Do Jornal O Povo
Aos 45 anos de idade, Antônio Furtado realizou um sonho que tinha desde a adolescência: ser advogado. O recém-formado em Direito teve muitas dificuldades para concluir o curso, custeado com o trabalho como vendedor de água em Fortaleza.
Toda essa história começa em Magé, no Rio de Janeiro, cidade natal de Antônio. Na cidade fluminense, viveu apenas com a mãe, que trabalhava como cuidadora de crianças com síndrome de down. Ao conhecer a rotina desses jovens e os muitos desrespeitos que eles enfrentavam, Antônio viu no Direito uma forma de ajudar esse público.
Leia mais“Eu acreditava que sendo advogado eu poderia garantir os direitos dessas pessoas, os meus e os da minha família”, conta.
Com o passar do tempo, a ideia foi perdendo força e acabou sendo deixada de lado por quase 20 anos. Nesse ínterim, Antônio virou adulto e cresceu sem saber muito sobre o pai, apenas que ele era cearense e morava em Fortaleza. Decidiu conhecê-lo. Aos 25, encarou três dias de viagem de ônibus para encontrá-lo na Capital.
Logo se encantou pela capital do Ceará e anualmente passava as festas de fim de ano com o avô, a irmã e toda a família que descobriu aqui. Aos 35 anos, ele enfrentava alguns problemas financeiros no Rio. Foi quando decidiu se mudar de vez para o Ceará em busca de novas oportunidades.
Por lá, a situação não mudou muito no começo. Com dificuldades para encontrar emprego, Antônio teve ansiedade e procurou ajuda de um profissional da psicologia, que lhe recomendou voltar aos estudos, pois isso faria bem para a mente dele.
Foi então que, mais de 20 anos depois, Antônio retomou o sonho de ser advogado e iniciou o curso em uma faculdade particular de Fortaleza.

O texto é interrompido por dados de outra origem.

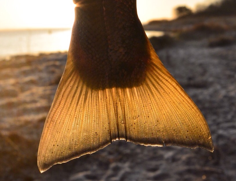 Jeg valgte at affiske et stræk der lå lidt længere mod nord. Det mørke område lå tæt på land og vandoverfladen var næsten stille. Efter et par minutter så jeg lige en ryg-finne og kort efter var min kobberbasse i området. Hugget kom hurtigt og med hurtig indtagning bliver fisken godt kroget selvom det er halt ude i kastet.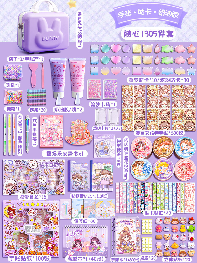 • [핸드북 + 구카 + 퀵샌드 카드브릭 + 콰이어트북] 버니 콤비네이션 박스 1305개 세트, 퍼플 모델, 업그레이드된 콤비네이션 자물쇠

Advogado foi ajudante de pedreiro antes de vender água
Já matriculado no curso, o fluminense tinha outro problema para enfrentar, os altos custos da faculdade de Direito. Durante os primeiros dois anos, trabalhou como ajudante de pedreiro em obras de um vizinho. Ganhava em torno de R$ 50 por dia e amenizava como podia o valor das mensalidades, por meio de um programa de descontos da instituição de ensino.
Com a incerteza das obras, ele teve que buscar uma nova fonte de renda e iniciou a venda de águas no Centro de Fortaleza. Ele conta que apesar do começo difícil, devido à falta de experiência, o período que passou comercializando nas ruas foi de muito aprendizado.
“Às vezes a gente tem aquele pensamento errôneo de que as pessoas são más, que a maioria delas é ruim. Isso é tão errado. Quando a gente está na rua, a gente conhece tanta gente boa. Estar nas ruas me ensinou muita coisa. Muita gente sempre me tratou muito bem”, relata.
O cenário melhorou com o tempo e a experiência no ramo, mas ainda restava um desafio na vida de Antônio, o tempo. Durante a semana, trabalhava de dia e estudava à noite.
Nos fins de semana, intensificava ainda mais os estudos. Tinha pouco tempo para a esposa, Flávia, com quem só saía nas noites de domingo, como quem renovava as energias para mais uma semana agitada. Foram três anos nesse ritmo até a formatura e a recente aprovação na prova da Ordem dos Advogados do Brasil no Ceará (OAB-CE), em julho do ano passado.
Formado, Antônio diz querer ajudar as pessoas
Hoje Antônio não vende mais água e se sustenta integralmente com a profissão de advogado. Já atua na área que sempre quis, o direito previdenciário. Animado, conta as causas que já pegou e, principalmente, as pessoas que ajudou desde a formação.
Questionado sobre quais os próximos passos que pretende seguir após a realização do sonho, diz que quer crescer no ramo e montar o próprio escritório na capital cearense.
“Quero dar prosseguimento a essa carreira na advocacia ajudando as pessoas, porque eu quero trabalhar, ganhar meu dinheiro honestamente e poder dormir bem à noite, sabendo que fiz a aposentadoria de uma idosa, ou um benefício para uma criança que precisa desse dinheiro. Aquilo que o direito fala sobre a dignidade da pessoa humana”.